The 3n+1 problem and Benford’s law

This is the third, and last, of a series of posts on Benford’s law, this time looking at a famous open problem in computer science, the 3n + 1 problem, also known as the Collatz conjecture.

Start with a positive integer n. Compute 3n + 1 and divide by 2 repeatedly until you get an odd number. Then repeat the process. For example, suppose we start with 13. We get 3*13+1 = 40, and 40/8 = 5, so 5 is the next term in the sequence. 5*3 + 1 is 16, which is a power of 2, so we get down to 1.

Does this process always reach 1? So far nobody has found a proof or a counterexample. (But there has been progress.)

If you pick a large starting number n at random, it appears that not only will the sequence terminate, the values produced by the sequence approximately follow Benford’s law (source). If you’re unfamiliar with Benford’s law, please see the first post in this series.

Here’s some Python code to play with this.

from math import log10, floor

def leading_digit(x):
    y = log10(x) % 1
    return int(floor(10**y))

# 3n+1 iteration
def iterates(seed):
    s = set()
    n = seed
    while n > 1:
        n = 3*n + 1
        while n % 2 == 0:
            n = n / 2
        s.add(n)
    return s

Let’s save the iterates starting with a large starting value:

it = iterates(378357768968665902923668054558637)

Here’s what we get and what we would expect from Benford’s law:

|---------------+----------+-----------|
| Leading digit | Observed | Predicted |
|---------------+----------+-----------|
|             1 |       46 |        53 |
|             2 |       26 |        31 |
|             3 |       29 |        22 |
|             4 |       16 |        17 |
|             5 |       24 |        14 |
|             6 |        8 |        12 |
|             7 |       12 |        10 |
|             8 |        9 |         9 |
|             9 |        7 |         8 |
|---------------+----------+-----------|

We get a chi-square of 12.88 (p = 0.116) and so we get a reasonable fit.

Here’s another run with a different starting point.

it = iterates(243963882982396137355964322146256)

which produces

|---------------+----------+-----------|
| Leading digit | Observed | Predicted |
|---------------+----------+-----------|
|             1 |       44 |        41 |
|             2 |       22 |        24 |
|             3 |       15 |        17 |
|             4 |       12 |        13 |
|             5 |       11 |        11 |
|             6 |        9 |         9 |
|             7 |       11 |         8 |
|             8 |        6 |         7 |
|             9 |        7 |         6 |
|---------------+----------+-----------|

This has a chi-square value of 2.166 (p = 0.975) which is an even better fit.
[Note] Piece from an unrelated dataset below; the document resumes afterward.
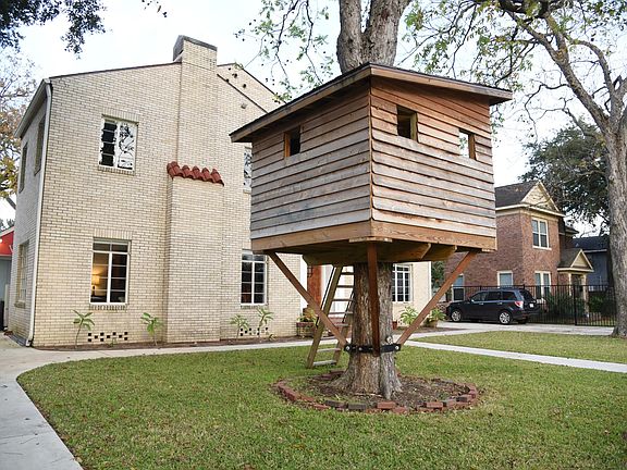 An architect-designed real treehouse is attached to one of the two heritage pecan trees in the front yard. (You can now relive childhood memories in this playful structure)

See also: Benford’s law posts organized by application area

One thought on “The 3n+1 problem and Benford’s law

  1. Daniel Schreiber

    Maybe my intuition is off, but I think it’s relatively obvious that a process that generates new values by (approximate) multiplication and (exact) division, i.e., by “randomly” shifting values up and down a logarithmic scale would generate numbers that follow Benford’s Law.